Surprise! Soldiers return to Wiesbaden
May 15, 2003
WIESBADEN, Germany — As a slight drizzle became steadily harder, a bus pulled into the far corner of a parking lot at the Wiesbaden Army Airfield.
“Oh my God, they’re here,” cried one of nine wives huddled under an awning as they waited for their husband’s return from Iraq. Tears welled in their eyes.
“If I took off running, do you think they’d stop me?” asked one.
“Are we allowed to go?” asked another.
As approximately 20 soldiers in tan flight suits and BDUs stepped off the bus, the crowd of women and children rushed to the edge of the parking lot.
Once in formation, the soldiers marched only feet away from their family members and halted.
Then within minutes, they were in one another’s embrace.
After seven months, and in support of three operations, the Army pilots and medics of the 159th Medical Company, 421st Medical Evacuation Battalion were home.
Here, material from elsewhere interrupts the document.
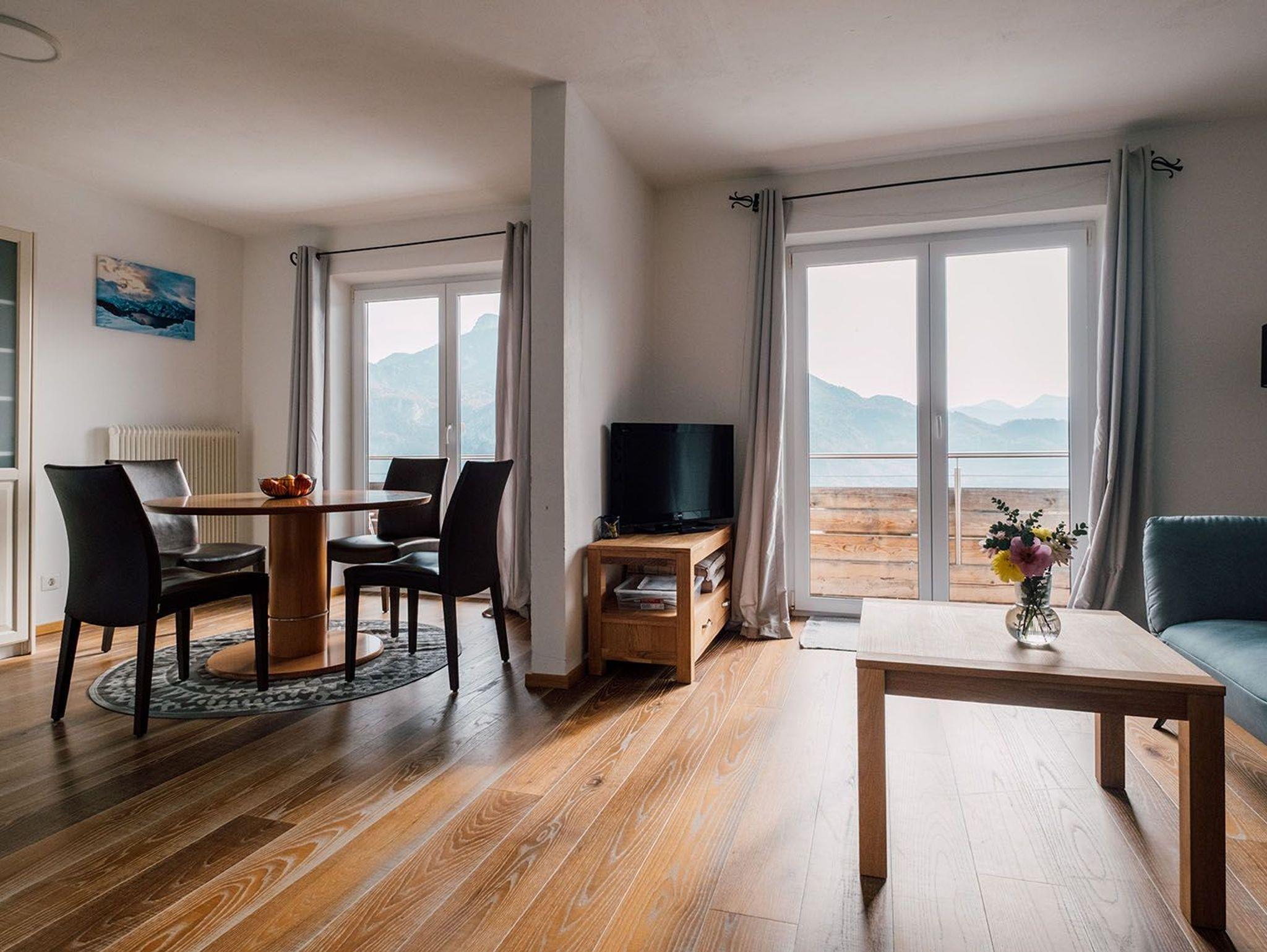 Die gemütliche Wohnung liegt auf einem idyllischen Bauernhof im Salzkammergut, mitten in der Natur, in sonniger Südhnaglage ? ideal für Familien und Ruhesuchende. Die traumhafte Umgebung begeistert mit einem herrlichen Panorama über Mondsee und Schafberg, ebenso wie der beheizte Pool, die Sauna und Infrarotkabine. Wanderungen oder Mountainbike-Touren starten direkt ab der Haustüre.Auf dem wettergeschützen Balkon mit Seeblick können Sie den Abend entspannt ausklingen lassen. Die geräumige Wohnung ist zeitlos modern eingerichtet und bietet einen großzügigen Wohn-Essbereich. Mit dem Flat-Screen-Kabel-TV und WLAN bleiben Sie immer bestens verbunden.
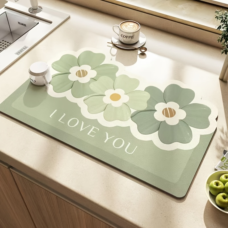 TEMU 부드러운 다이아톰 흙으로 제작된 꽃무늬 패턴이 특징인 식기 건조 매트. 커피 머신용 흡수성 및 내마모성, 식기 미끄럼 방지 기능이 있으며, 코스터로도 사용 가능합니다.

“It feels good, it feels real good, to be home. It’s great,” said Spc. Aaron Lewis between kisses from his wife, Tara, and two children, Eli, 4, and Michallie, 2.
The soldiers initially deployed in October in support of Operation Desert Spring in Kuwait, then later supported Operation Enduring Freedom, and ended their tour with Operation Iraqi Freedom.
After about a month of rumors, family members ended up finding out their troops would be home just 90 minutes before their arrival.
“I can’t believe it. I’m shaking,” Kim Borowski said just before she saw her husband, Capt. Anthony Borowski.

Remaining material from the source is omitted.